La ciudad y los días
Siempre nos quedará París
DURANTE el largo tiempo de confinamiento, hubo gente que se dedicó a escribir diarios. Me abstuve yo, ante tanto superávit de dietarios. Sin embargo, en este tiempo raro que nos ha tocado vivir —que es cierto que es nuevo, pero para nada normal, por mas que se empeñen en llamarlo así—, sí que me aborda la tentación de ir confeccionando un inventario de rarezas, de esas cosas y comportamientos que persisten en resultar extrañas por más que nos tengamos que acostumbrar a su visión o a su misma vivencia. Relaté en mi última columna algunas de esas percepciones, y en esta añadiré alguna otra extrañeza o paradoja. Una de ellas vendría de la asociación entre mar y mascarilla, porque uno, que se confiesa rutinario caminante por la orilla en horas de marea baja, ya se ha plegado al cumplimiento de la norma.
Paseo con el tapabocas incorporado, mientras que a mi alrededor va y viene la gente sin él.

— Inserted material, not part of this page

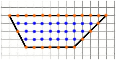 Формула Пика S=В+Г/2-1.Где В-это количество внутренних углов,Г-это количество граничащихся углов.Эту формулу можно применять для решения 19 задания на ОГЭ.Дети очень легко находят площадь с помощью этой формулы.Учащимся не надо делить фигуру на части и находить по отдельности площади этих частей и складывать.Вместо различных формул достаточно запомнить одну формулу.Для всех фигур

En mis trayectos, me suelen rebasar corredores, que no están obligados a llevarla, y que pasan a mi lado resoplando no sé cuántas gotículas.
Nada que hacer, el caminar no está considerado actividad deportiva, así que seguiré ahorrando en protector solar, pues ya voy bien protegido. Pero esto no es más que un chiste ante la mayor extrañeza que personalmente siento estos días. Si sales, aunque sea poco, es normal que te encuentres a personas que quieres, a las que te alegras de ver de forma instantánea. Casi se te van los brazos y el cuerpo entero a la búsqueda del merecido encuentro, pero te quedas, como los malos porteros, a media salida. Y es muy fustrante, porque lo del choque de codos me resulta una impostura algo ridícula. No sé si a la vuelta del verano continuaré esta compilación. Entre tanto, tengan unas felices vacaciones.